Records drawn from a dataset:
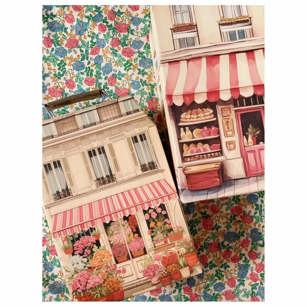 - Ensemble de deux boîtes de jeu en carton représentant des boutiques parisiennes d’époque. La petite valise s’insère dans la grande. Conçues avec des poignées en métal faciles à saisir. Entretien : Essuyer avec un chiffon humide (max 30 degrés C). Ne pas utiliser de produits chimiques. Matériaux : Carton et métal.
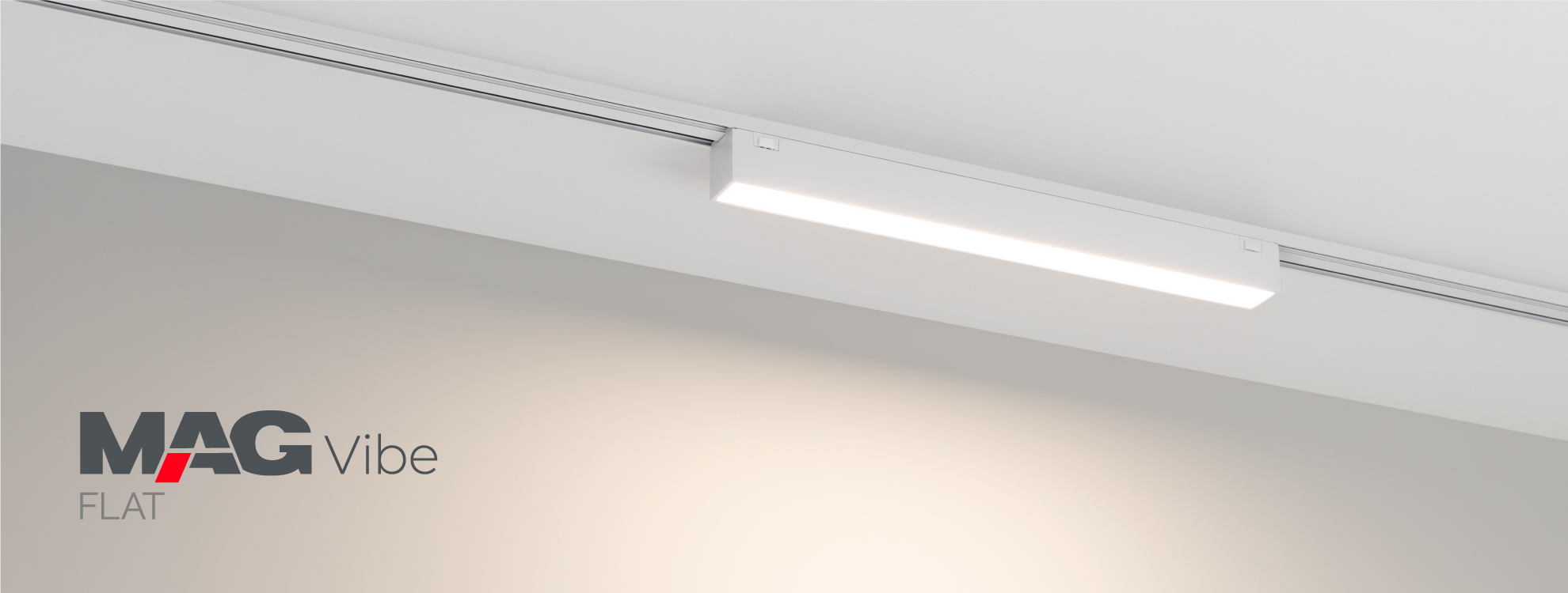 Линейные трековые светильники FLAT для магнитной системы MAG VIBE используются при организации общего освещения — отменная световая эффективность и высокий индекс цветопередачи (CRI>90) обеспечивают яркий, комфортный, качественный свет, точно передающий оттенки окружающих предметов. Минималистичные светильники легко впишутся в жилые, офисные, коммерческие пространства.
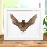 A Kuhl's Pipistrelle Bat in a handmade wooden frame mounted on high-quality acid-free conservation board. The Latin and common names are printed underneath the specimen.
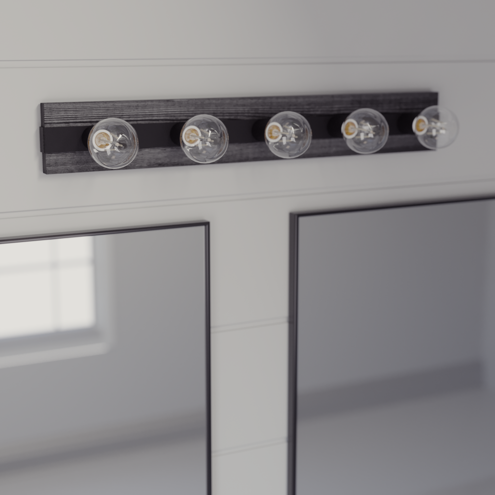 Strong details. Impactful design. The Donelson 5-light vanity light evokes authenticity and artisanship with beautiful, wood-inspired finishes accented by metal detailing. Add one above your bathroom vanity or use multiple to create your own unique Hollywood-style vanity mirror lighting.
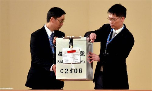 Two staff members move a ballot box to the central ballot-counting hall during the chief executive election of Hong Kong Special Administrative Region (SAR) in Hong Kong, South China, March 25, 2012. The 2012 chief executive election of Hong Kong SAR was held on March 23. Leung Chun-ying, former convenor of the Non-Official Members of the Executive Council of Hong Kong, won the election. (Xinhua/Chen Xiaowei)
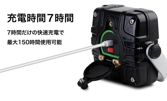 Prometheus-IIでは、大容量バッテリーと快速充電方式を導入したことにより、7時間の充電時間で最大150時間という驚くべき時間の使用が可能となりました。

* Problem description
Restate word for word only the lines that run from the line holding "Strong details. Impactful" to the end of the data, both ends kept, leaving every picture out.

* Written response
 Strong details. Impactful design. The Donelson 5-light vanity light evokes authenticity and artisanship with beautiful, wood-inspired finishes accented by metal detailing. Add one above your bathroom vanity or use multiple to create your own unique Hollywood-style vanity mirror lighting.
 Two staff members move a ballot box to the central ballot-counting hall during the chief executive election of Hong Kong Special Administrative Region (SAR) in Hong Kong, South China, March 25, 2012. The 2012 chief executive election of Hong Kong SAR was held on March 23. Leung Chun-ying, former convenor of the Non-Official Members of the Executive Council of Hong Kong, won the election. (Xinhua/Chen Xiaowei)
 Prometheus-IIでは、大容量バッテリーと快速充電方式を導入したことにより、7時間の充電時間で最大150時間という驚くべき時間の使用が可能となりました。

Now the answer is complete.